Relato de Anélice de Azevedo Silva (Dona Cica), filha e esposa de ferroviário.
Cine Rocha
“Eram dois cinemas o Rocha e o Glória. O filme que passava no domingo no Cine Glória, na segunda passava no Cine Rocha.”
Relato de Márcio José Maia Figueiredo, neto de ferroviário.
Carnaval
As tradições de carnaval em Formiga se iniciam entre o final do século 19 e o início do século 20. Por volta da década de 1890, o prefeito José Bernardes de Faria convidou o carnavalesco carioca João Nazário dos Santos para impulsionar e animar o carnaval da cidade.

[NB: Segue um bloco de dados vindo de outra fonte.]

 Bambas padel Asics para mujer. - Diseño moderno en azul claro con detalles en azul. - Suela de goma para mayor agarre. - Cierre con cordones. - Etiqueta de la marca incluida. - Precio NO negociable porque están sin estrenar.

Além de mobilizar o festejo, João Nazário foi um dos percussores do teatro na cidade e compôs diversas obras tocadas pela Corporação Musical São Vicente Férrer. Francisco Fonseca também foi outra pessoa fundamental na composição de músicas carnavalescas, além de ser grande incentivador do carnaval local.

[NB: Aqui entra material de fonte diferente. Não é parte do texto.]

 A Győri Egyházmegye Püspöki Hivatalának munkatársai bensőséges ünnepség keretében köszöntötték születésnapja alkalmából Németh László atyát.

O Carnaval formiguense se tornou um evento de grandes proporções. A princípio, os festejos tinham semelhanças com os blocos cariocas, dada a influência do carnavalesco João Nazário. Ao longo do século 20, os carnavais da cidade foram muito animados. Os blocos e as bandas musicais da cidade se misturavam no carnaval. Muitos músicos da cidade tocavam em mais de uma banda ou bloco durante os festejos.
Os Blocos formiguenses
Os principais blocos e grupos musicais que existiram na cidade foram: Bloco 13 de Maio ou Zé Pereira; Bloco dos Artistas; Bloco Flor de Macaná; Bloco Eletro Jazz; Conjunto Dália Azul; Bloco dos Gatinhos; Conjunto Centenário; e Conjunto Tropi Capri. Além desses blocos há também menção a um bloco formado por membros da Irmandade de Nossa Senhora do Rosário, de nome “Turma do Ra-Ra-Ra”. O Conjunto Dália Azul foi um dos principais e mais tradicionais na cidade. Muitos dos músicos que tocavam no bloco, também, tocavam na Corporação São Vicente de Férrer, como era o caso do trombonista José de Oliveira, conhecido como Maestro Zezinho, que comandava o Dália Azul. Outro nome que comandou o bloco foi o carnavalesco Chico Goião, também grande entusiasta e figura com grande papel de liderança no carnaval de Formiga. O conjunto não se restringia a tocar apenas no carnaval, mas também animava eventos esportivos e políticos.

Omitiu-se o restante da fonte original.